■ **Aim of the exercise**
Drop every image, then reproduce the data exactly as given.

■ **The data**
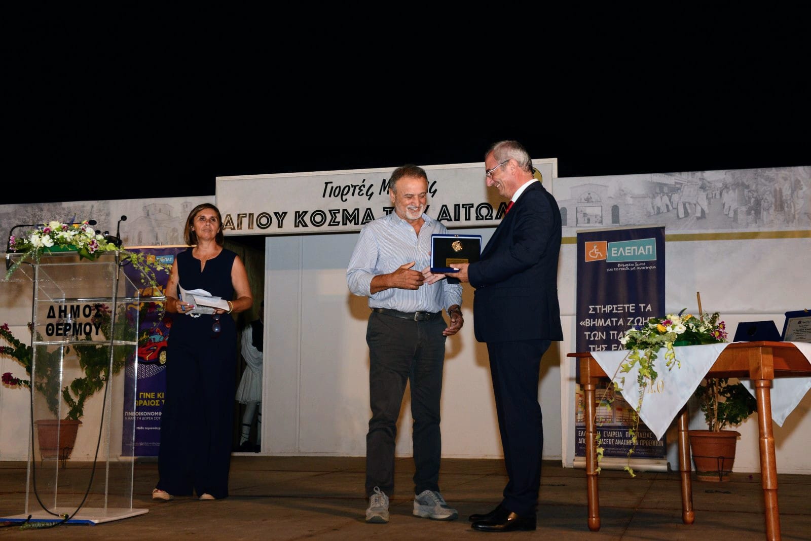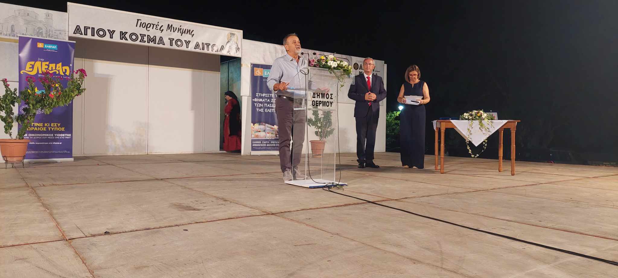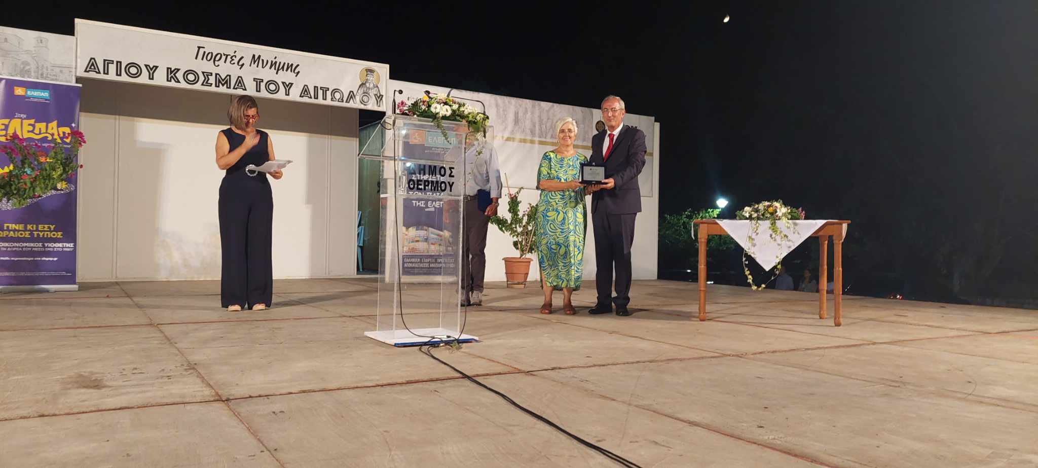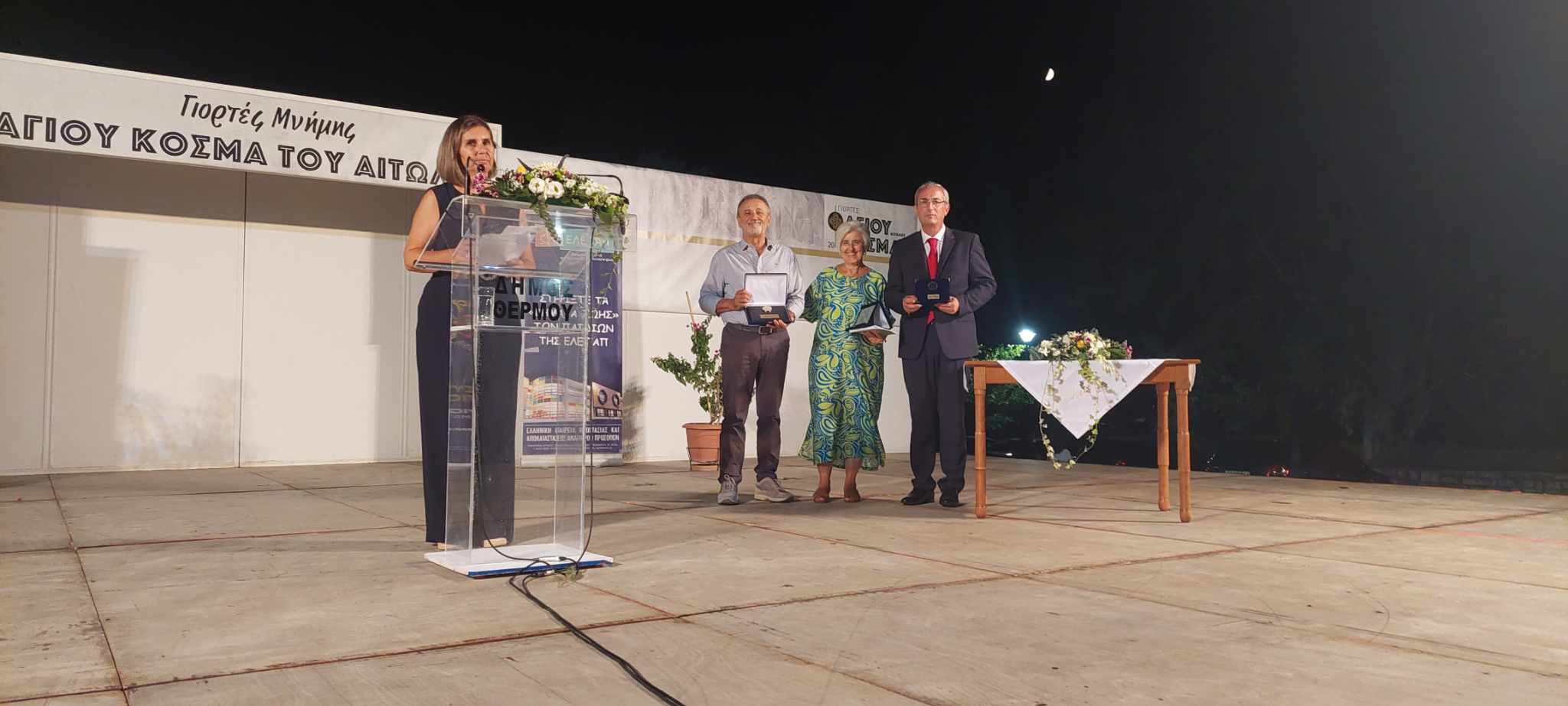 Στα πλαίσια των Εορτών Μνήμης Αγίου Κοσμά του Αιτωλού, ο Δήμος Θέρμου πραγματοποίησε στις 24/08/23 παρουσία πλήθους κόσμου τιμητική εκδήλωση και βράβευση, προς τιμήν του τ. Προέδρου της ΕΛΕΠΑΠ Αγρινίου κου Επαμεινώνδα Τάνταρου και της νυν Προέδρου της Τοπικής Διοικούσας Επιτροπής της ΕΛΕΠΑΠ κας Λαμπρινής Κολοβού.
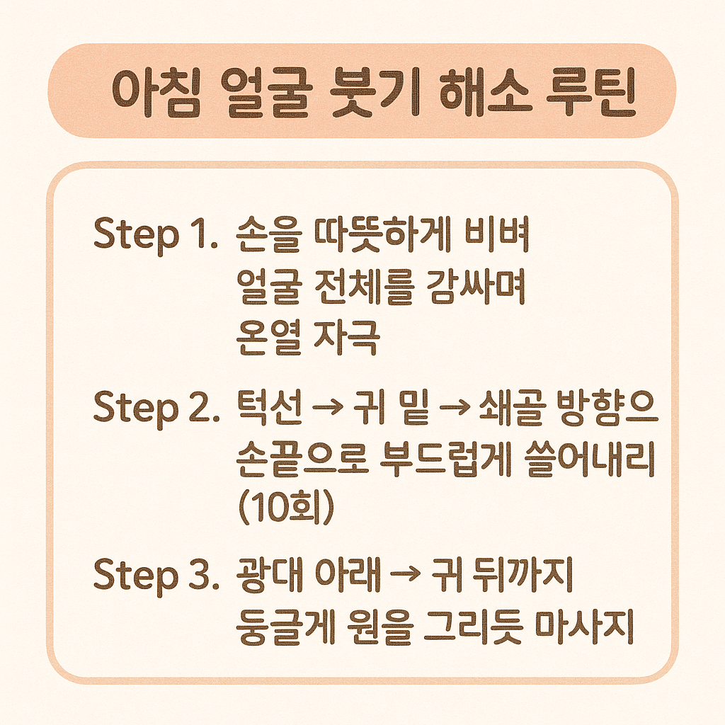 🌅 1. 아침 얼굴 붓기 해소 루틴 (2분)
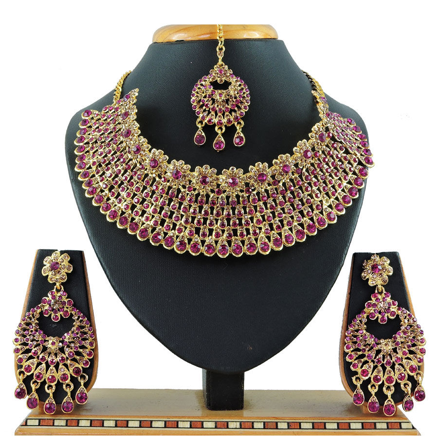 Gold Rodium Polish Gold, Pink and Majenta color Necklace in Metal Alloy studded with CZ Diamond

■ **Solution for this problem**
 Στα πλαίσια των Εορτών Μνήμης Αγίου Κοσμά του Αιτωλού, ο Δήμος Θέρμου πραγματοποίησε στις 24/08/23 παρουσία πλήθους κόσμου τιμητική εκδήλωση και βράβευση, προς τιμήν του τ. Προέδρου της ΕΛΕΠΑΠ Αγρινίου κου Επαμεινώνδα Τάνταρου και της νυν Προέδρου της Τοπικής Διοικούσας Επιτροπής της ΕΛΕΠΑΠ κας Λαμπρινής Κολοβού.
 🌅 1. 아침 얼굴 붓기 해소 루틴 (2분)
 Gold Rodium Polish Gold, Pink and Majenta color Necklace in Metal Alloy studded with CZ Diamond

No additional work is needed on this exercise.